Current German Recommendations and International Research on the Use of COVID-19 Boosters among Health Care Providers in 2024: A Narrative Review.

机构信息

Department of Oral and Craniomaxillofacial Plastic Surgery, UKGM University Hospital Marburg, Faculty of Medicine, Philipps-University Marburg, D-35043 Marburg, Germany.

Department of Oral, Craniomaxillofacial and Plastic Surgery, University Hospital Ruppin-Brandenburg, Faculty of Medicine, Medical University Brandenburg, D-16816 Neuruppin, Germany.

出版信息

Medicina (Kaunas). 2024 Feb 25;60(3):385. doi: 10.3390/medicina60030385.

DOI:10.3390/medicina60030385
PMID:38541111
原文链接:https://pmc.ncbi.nlm.nih.gov/articles/PMC10971846/
Abstract

While the World Health Organization (WHO) has de-escalated coronavirus disease 2019 (COVID-19) from a global health emergency, ongoing discussions persist as new viral variants.
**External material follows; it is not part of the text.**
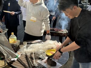 メインの食事タイムでは、会員自らが焼き係となり、七面鳥やシュラスコを振る舞う「おもてなし」を実施。

This article aimed to consolidate German recommendations and international research to offer health care providers (HCPs) a comprehensive guide on COVID-19 boosters in 2024. The review outlines key recommendations from the German Robert Koch Institute. HCPs should receive COVID-19 boosters at least 12 months after their last vaccination or COVID-19 infection, contingent on the prevalent viral variant(s) in the region. However, excessive doses and/or frequent boosters, especially with mRNA vaccines, may lead to immune imprinting, T-cell exhaustion, and immunoglobulin (Ig) switching. Notably, this review highlights the significance of Ig, particularly IgA and IgG subclasses, in influencing infection risk and disease progression. Furthermore, it explores the implications of mRNA vaccine technology and potential adverse effects related to excessive dosing. In conclusion, this article provides a comprehensive analysis of COVID-19 vaccine boosters for HCPs, synthesising current recommendations, scientific debates, and considerations for optimising protection against SARS-CoV-2 in the evolving landscape of the post-pandemic era.

摘要

虽然世界卫生组织(WHO)已将 2019 年冠状病毒病(COVID-19)从全球卫生紧急情况降级,但随着新的病毒变体的出现,仍在持续讨论。本文旨在整合德国的建议和国际研究,为医疗保健提供者(HCPs)提供 2024 年 COVID-19 加强针的综合指南。该综述概述了德国罗伯特·科赫研究所的关键建议。HCPs 应在最后一次接种疫苗或 COVID-19 感染后至少 12 个月接受 COVID-19 加强针,具体取决于该地区流行的病毒变体。然而,过量剂量和/或频繁加强针,特别是使用 mRNA 疫苗,可能导致免疫印记、T 细胞耗竭和免疫球蛋白(Ig)转换。值得注意的是,该综述强调了 Ig,特别是 IgA 和 IgG 亚类,在影响感染风险和疾病进展方面的重要性。此外,它探讨了 mRNA 疫苗技术的含义以及与过量剂量相关的潜在不良反应。总之,本文对 HCPs 的 COVID-19 疫苗加强针进行了全面分析,综合了当前的建议、科学辩论以及在大流行后期不断变化的背景下优化对 SARS-CoV-2 保护的考虑因素。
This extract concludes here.